* _PROBLEM STATEMENT_
Retype, exactly and with both ends included, the lines below from the one containing "(Single, Taupe Grey)" through the end; omit the pictures.

DATA SECTION section start

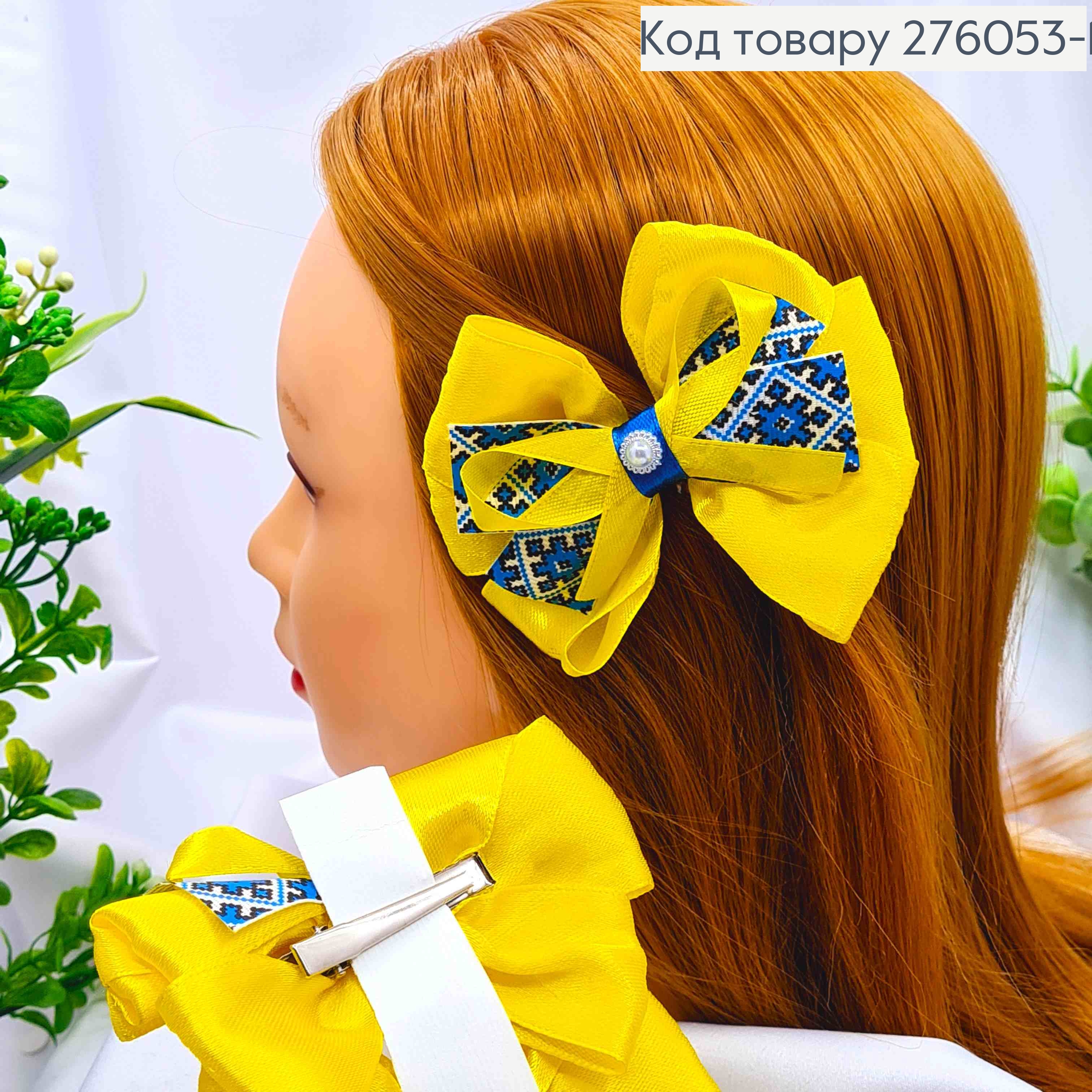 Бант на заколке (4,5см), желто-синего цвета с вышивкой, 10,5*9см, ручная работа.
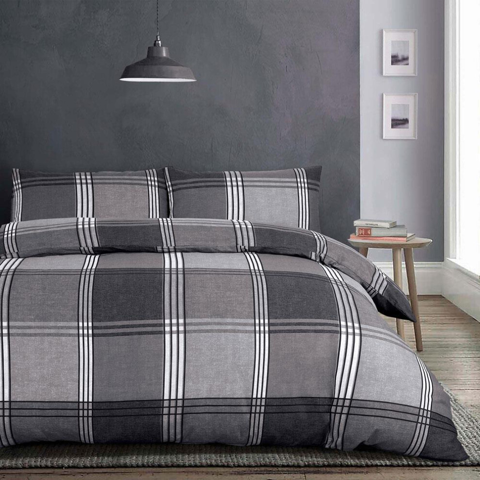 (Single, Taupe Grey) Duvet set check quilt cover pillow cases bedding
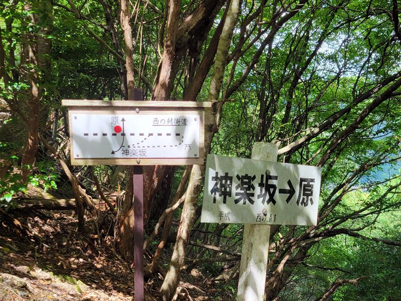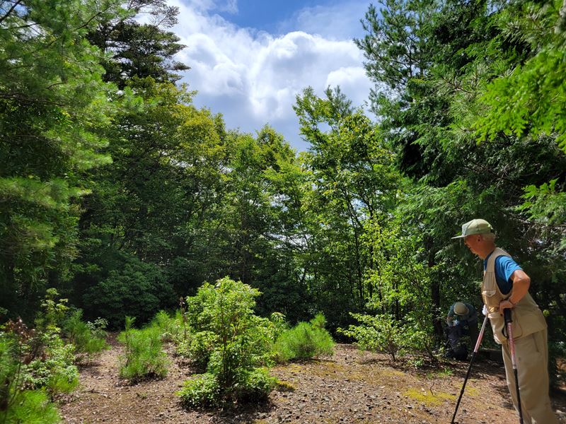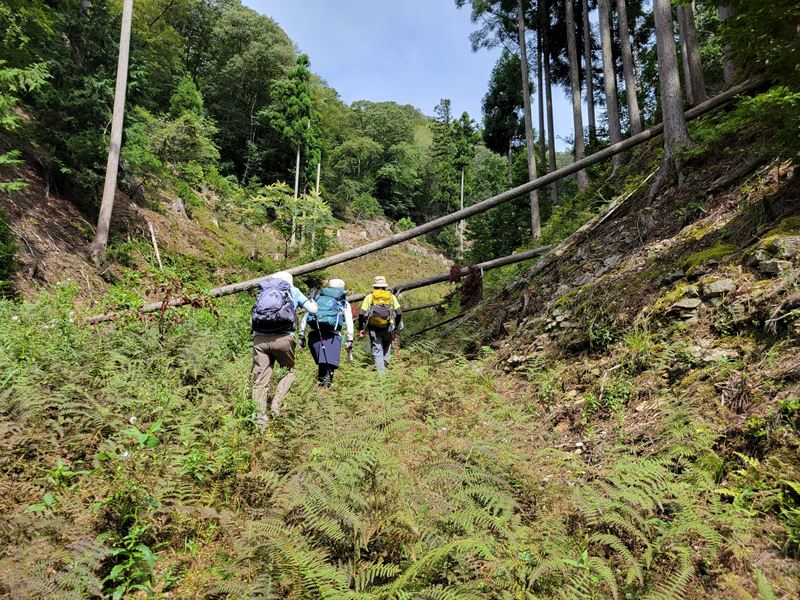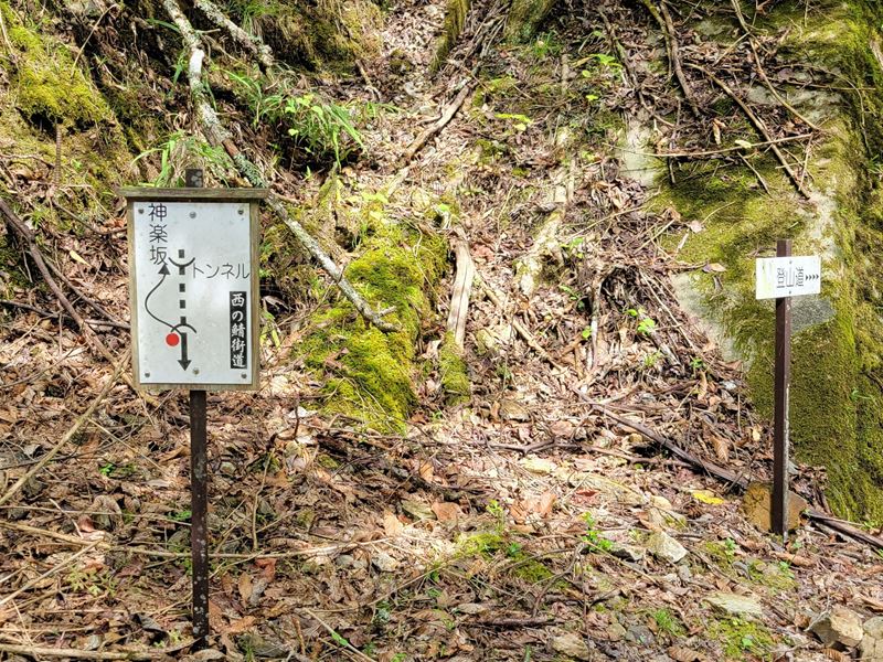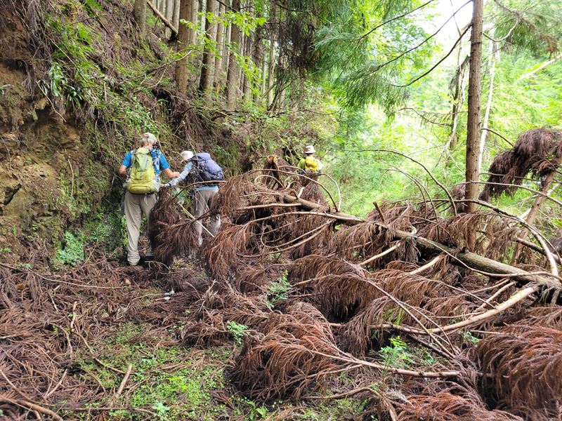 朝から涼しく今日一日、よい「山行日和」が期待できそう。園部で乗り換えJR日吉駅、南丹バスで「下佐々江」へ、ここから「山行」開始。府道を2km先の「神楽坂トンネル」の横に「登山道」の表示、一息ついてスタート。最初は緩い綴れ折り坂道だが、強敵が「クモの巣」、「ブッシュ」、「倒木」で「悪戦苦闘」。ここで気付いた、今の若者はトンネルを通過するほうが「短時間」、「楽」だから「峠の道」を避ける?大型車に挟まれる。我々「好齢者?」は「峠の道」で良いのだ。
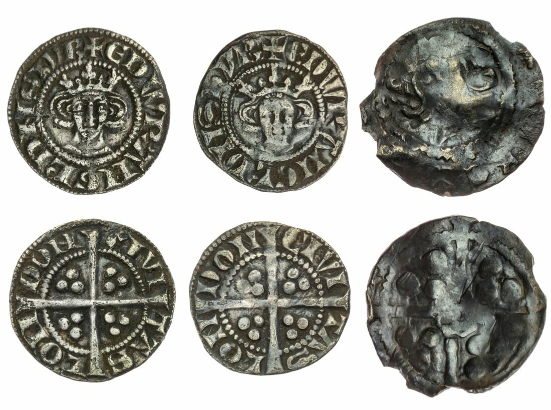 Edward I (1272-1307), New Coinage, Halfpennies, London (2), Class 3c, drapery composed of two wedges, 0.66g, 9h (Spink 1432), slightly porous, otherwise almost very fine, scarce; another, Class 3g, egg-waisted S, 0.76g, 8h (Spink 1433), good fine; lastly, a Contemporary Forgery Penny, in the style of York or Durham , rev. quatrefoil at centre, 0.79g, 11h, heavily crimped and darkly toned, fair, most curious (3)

DATA SECTION section end

* _EXPECTED OUTPUT_
 (Single, Taupe Grey) Duvet set check quilt cover pillow cases bedding
 朝から涼しく今日一日、よい「山行日和」が期待できそう。園部で乗り換えJR日吉駅、南丹バスで「下佐々江」へ、ここから「山行」開始。府道を2km先の「神楽坂トンネル」の横に「登山道」の表示、一息ついてスタート。最初は緩い綴れ折り坂道だが、強敵が「クモの巣」、「ブッシュ」、「倒木」で「悪戦苦闘」。ここで気付いた、今の若者はトンネルを通過するほうが「短時間」、「楽」だから「峠の道」を避ける?大型車に挟まれる。我々「好齢者?」は「峠の道」で良いのだ。
 Edward I (1272-1307), New Coinage, Halfpennies, London (2), Class 3c, drapery composed of two wedges, 0.66g, 9h (Spink 1432), slightly porous, otherwise almost very fine, scarce; another, Class 3g, egg-waisted S, 0.76g, 8h (Spink 1433), good fine; lastly, a Contemporary Forgery Penny, in the style of York or Durham , rev. quatrefoil at centre, 0.79g, 11h, heavily crimped and darkly toned, fair, most curious (3)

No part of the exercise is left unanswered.